Community-acquired infections: Onset occurs within 48 h of admission or more than 48 h after discharge.
Hospital-acquired infections: Onset occurs more than 48 h after admission or within 48 h after discharge in patients who have no infection symptoms and are not in a latent period at admission.
Fungal culture and drug susceptibility test
Samples, such as blood, CSF, and intra-articular effusion, were inoculated onto Sabourand’s agar medium and incubated in an incubator at 37 °C for 48 h. Suspicious colonies on the plates were further separated and purified, and the species were identified by Matrix-Assisted Laser Desorption/Ionization Time of Flight Mass Spectrometry (MALDI-TOF MS) or Internal Transcribed Spacer (ITS) sequencing. The drug susceptibility tests were performed using an ATB Fungus 3 kit (Bio-Mérieux, France). The minimum inhibitory concentration (MIC) clinical breakpoints of fluconazole and voriconazole for Candida albicans were interpreted according to clinical and laboratory standards institute (CLSI) M60: fluconazole—susceptible (S) ≤ 2 µg/mL, susceptible-dose dependent (SDD) = 4 µg/mL, and resistant (R) ≥ 8 µg/mL; voriconazole—S ≤ 0.12 µg/mL, intermediate (I) = 0.25–0.5 µg/mL, and R ≥ 1 µg/mL . There were no MIC clinical breakpoints for amphotericin B, and our study used epidemiological cutoff value (ECV, 2 µg/mL) to determine whether the strain was wide type (WT) or non-wild type (NWT) according to CLSI M59 . There were no MIC clinical breakpoints of itraconazole and flucytosine for Candida albicans based on CLSI methods.
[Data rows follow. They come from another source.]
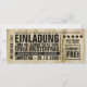 cartão novo de convite a 40. Aniversário com os desenhos dum bilhete antigo com código de sem.
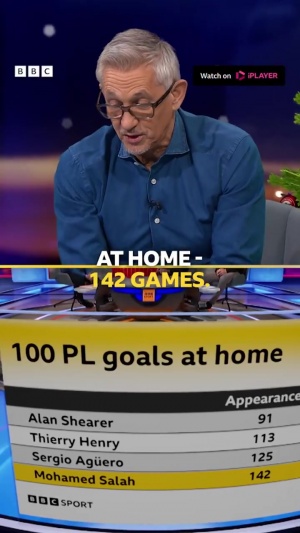 萊因克爾在BBC節(jié)目中調(diào)侃希勒,他指著數(shù)據(jù)統(tǒng)計(jì)說(shuō)道:“看看這個(gè),阿蘭(希勒)。薩拉赫142場(chǎng)比賽達(dá)成英超主場(chǎng)100球,某人只用了91場(chǎng)比賽。”
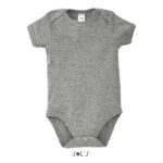 SOL’S BAMBINO, baby bodysuit, 100% combed ringspun cotton rib 1×1 180, collar, cuff and leg binding, cap sleeves, bottom popper fastening. About sizes matching, please refer to the size chart in the product documentation section.

In attempt to identify an underlying etiological factor for susceptibility to CNSC, WES was done on a subset of patients with their parents’ approval. DNA was isolated from peripheral blood samples obtained from patients and parents using the Gentra Puregene Blood Kit (Qiagen, Hilden, Germany). Whole exome was captured using a SureSelect Human All Exon Kit (Agilent Technologies, Santa Clara, CA, USA). WES was performed on an Illumina Hiseq X Analyzer (Illumina, San Diego, CA) with 150 base paired-end runs. Sequence reads were mapped to the GRCh37/hg19 human reference genome. Variants were annotated and filtered by TGex (http://app.genecards.cn), and selection criteria referred to the principle described in the published paper . Variants were classified according to the American College of Medical Genetics and Genomics and the Association for Molecular Pathology (ACMG/AMP) interpretation standards and guidelines .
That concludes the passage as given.